I am working on a kind of bootstrapping procedure for visual fixation data, and would be helped by the insights of others on this issue I am having. I suspect that either I'm missing something related to the functioning of the random number generator (random.randrange), or it shows my currently novice understanding of numpy array iteration and slicing. Being a psychologist with only hobby-level programming experience, i would not be surprised if it turns out I'm doing this in a really backwards way.
When you want to perform statistical analysis on visual fixation data, you often need to take center-bias into account, which is the bias whereby observers tend to fixate more to the center of an image at first and more randomly in the image later. This bias causes a temporal correlation between fixations, and an ROC-analysis (Receiver Operator Characteristic) performed on such data needs a baseline based on a specific kind of bootstrap method.

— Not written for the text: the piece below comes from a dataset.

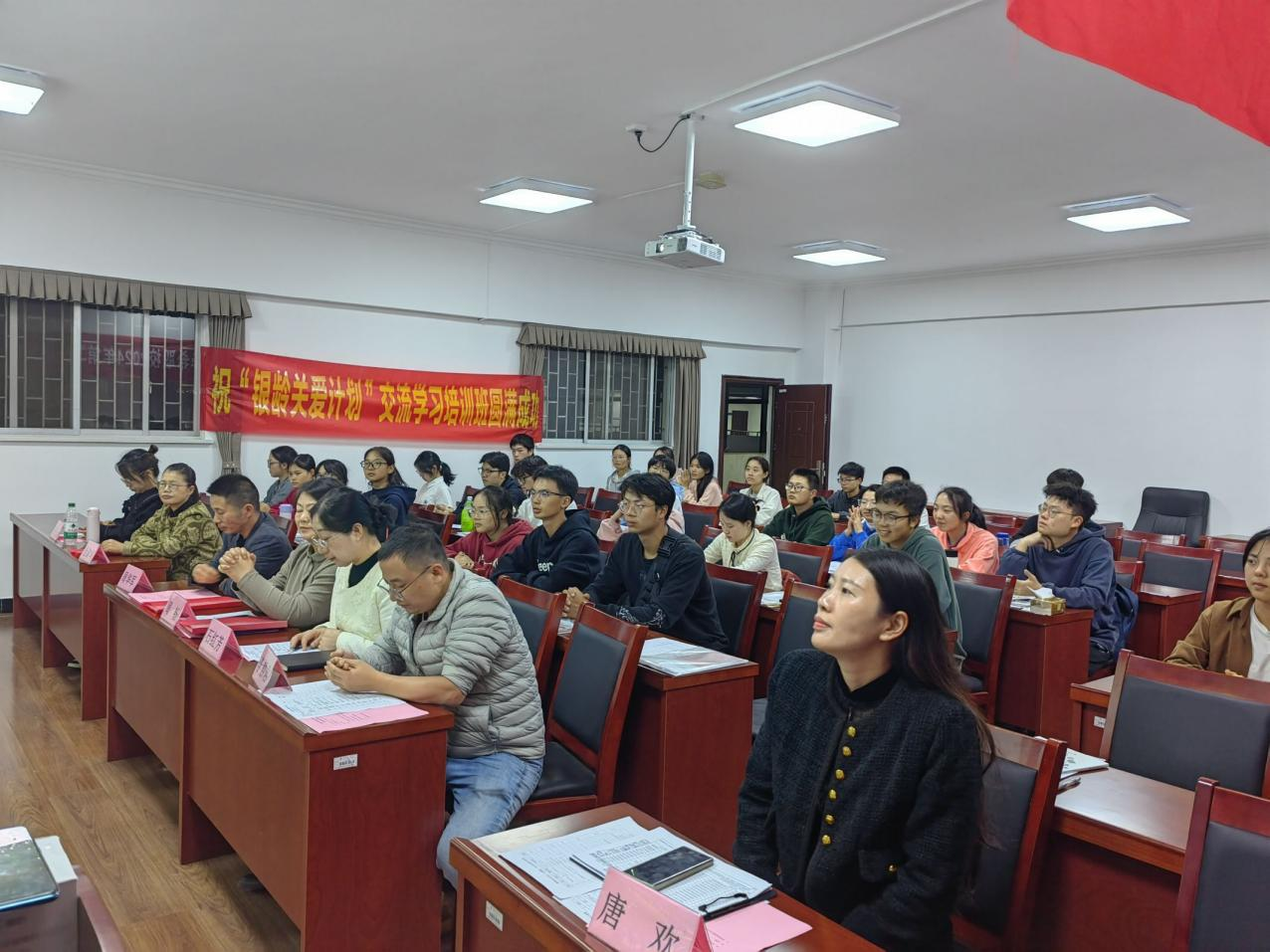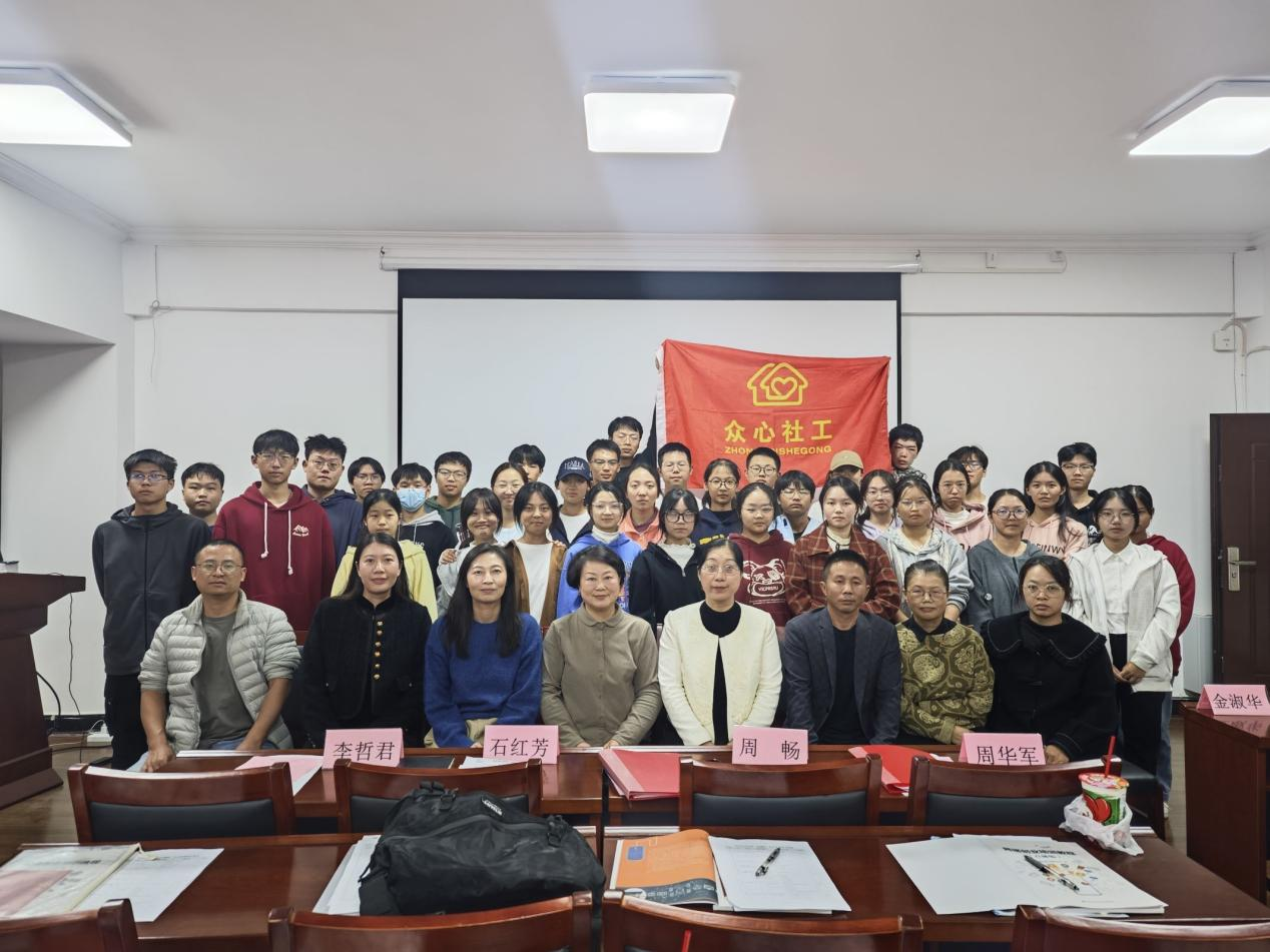 岳阳市众心社会工作服务中心理事长金淑华从志愿服务、创新创业精神、创业与志愿能力三个方面介绍了本次训班的目的,希望同学们能够积极参与讨论与实践活动中,学有所成。

In this case, the data resides in a numpy array named original. This array is of shape (22, 800, 15, 2), where the dimensions indicate [observer, image, fixation (x, y)]. So, 15 fixations per observer per image.

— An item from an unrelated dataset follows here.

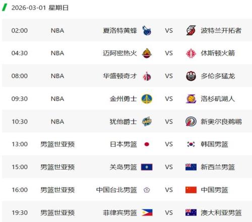 根據(jù)賽程,第四輪的比賽將在3月1日開打,中國隊客場對陣中國臺北隊,將在北京時間下午16點開打,央視CCTV5頻道現(xiàn)場直播。此外,同組的日本隊繼續(xù)坐鎮(zhèn)主場迎戰(zhàn)韓國隊的做客,開球時間是下午13點。
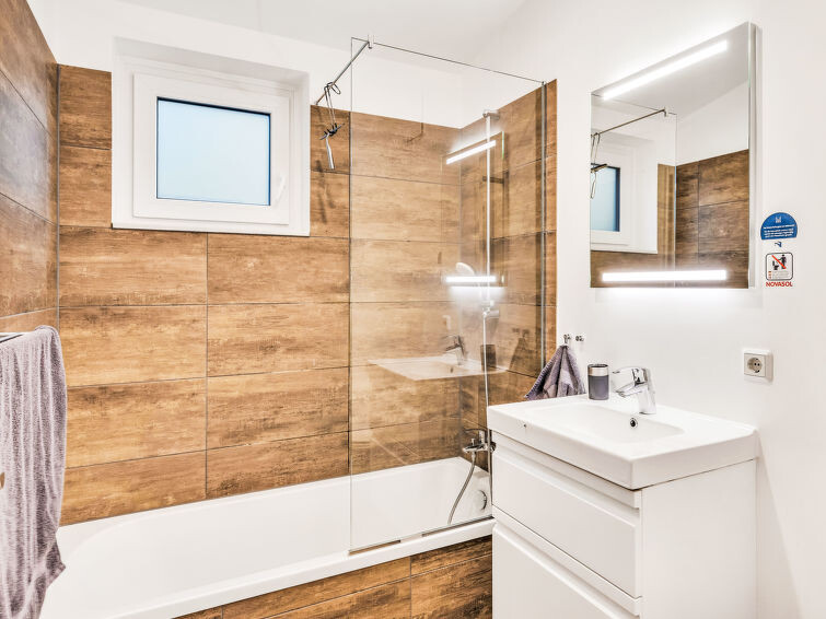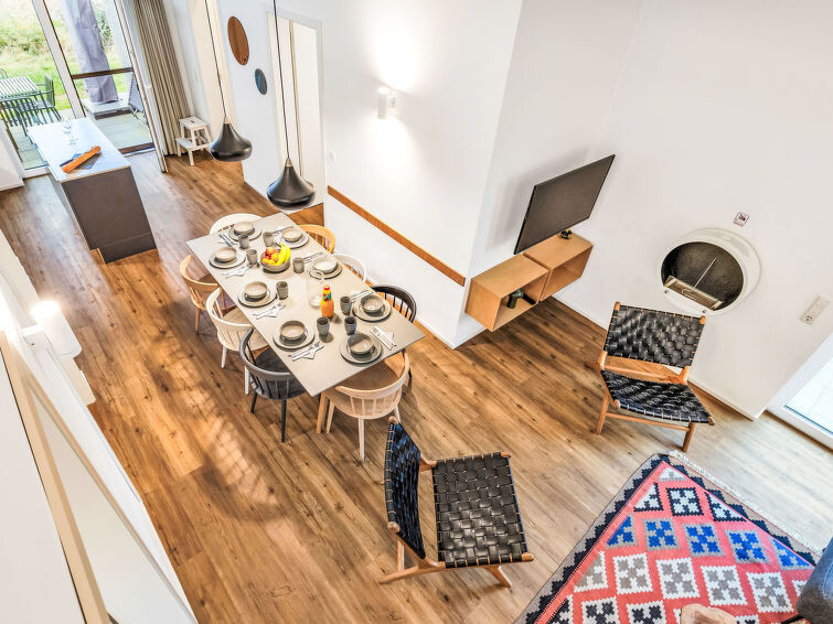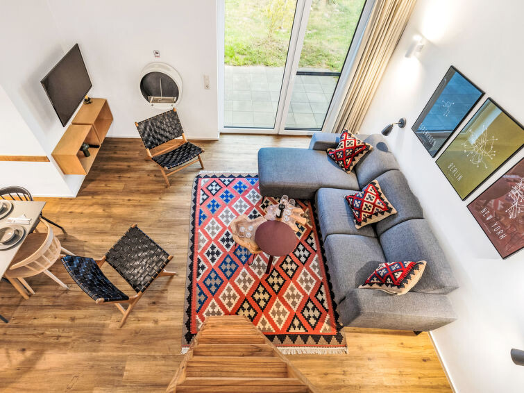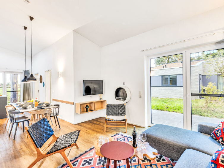 "Abendrot", huis 4-kamers 98 m2 op 2 verdiepingen. Smaakvol en gezellig ingericht: woon-/eetkamer met Sat-TV (Flatscreen TV). Uitgang naar het terras. 3 kamers, elke kamer heeft 1 2-pers bed (2 x 90 cm, lengte 200 cm). Woonkeuken (oven, afwasmachine, 4 keramische glas kookplaten, broodrooster, waterkoker, magnetron, elektrische koffiemachine). Bad/WC, douche/WC. Bovenverdieping: (ladder) open galerij met afgeschuinde daken met 2 slaapplaatsen. Terras. Terrasmeubelen, elektrische barbecue. Ter beschikking: wasmachine, droger, sauna, kinderstoel (extra), haardroger. Internet (WiFi, gratis). Rookvrij huis. Rookmelders.

In the bootstrap, we generally want to replace each fixation with another fixation that occurs somewhere in the set of all other images and all observers, but at the same time (in this case: the same fixation index, index 2 of original).
I think this means that we have to do the following:
I have a function that takes array original and does what is described above with the slight modification that when only one of the original x, y pair is NaN, it only sets that x or y in the random fixation to np.nan. When I iterate through the loops I saw good results. After iterating through +- 10 loops I was satisfied as all data looked perfect, after which I proceeded to remove the raw_input() breakpoints I had set and let the function process all of the data without interruption. When I did so, I noticed that the function slows down each loop and grinds to a halt when it reaches observer=0 image=48.
My code is as follows:
for obs_index, obs in enumerate(original):
for img_index, img in enumerate(obs):
print obs_index, img_index
for fix_index, fix in enumerate(img):
# do the following because sometimes only x or y in the original is NaN
rand_fix = (np.nan, np.nan)
while np.isnan(rand_fix[0]) or np.isnan(rand_fix[1]):
rand_obs = randrange(observers)
rand_img = img_index
while rand_img == img_index:
rand_img = randrange(images)
rand_fix = original[rand_obs, rand_img, fix_index]
# do the following because sometimes only x or y in the original is NaN
if np.isnan(fix[0]):
rand_fix[0] = np.nan
if np.isnan(fix[1]):
rand_fix[1] = np.nan
shuffled[obs_index, img_index, fix_index] = rand_fix
When this function finishes, shuffled should contain correctly shuffled fixation data for use in ROC-analysis.
SOLVED
I came up with the following code, that no longer slows down:
for obs_index, obs in enumerate(original):
for img_index, img in enumerate(obs):
for fix_index, fix in enumerate(img):
x = fix[0]
y = fix[1]
rand_x = np.nan
rand_y = np.nan
if not(np.isnan(x) or np.isnan(y)):
while np.isnan(rand_x) or np.isnan(rand_y):
rand_obs = randrange(observers)
rand_img = img_index
while rand_img == img_index:
rand_img = randrange(images)
rand_x = original[rand_obs, rand_img, fix_index, 0]
rand_y = original[rand_obs, rand_img, fix_index, 1]
shuffled[obs_index, img_index, fix_index, 0] = rand_x
shuffled[obs_index, img_index, fix_index, 1] = rand_y
I also fixed the way the new fixation was assigned to the location in shuffled, to follow numpy indexing properly.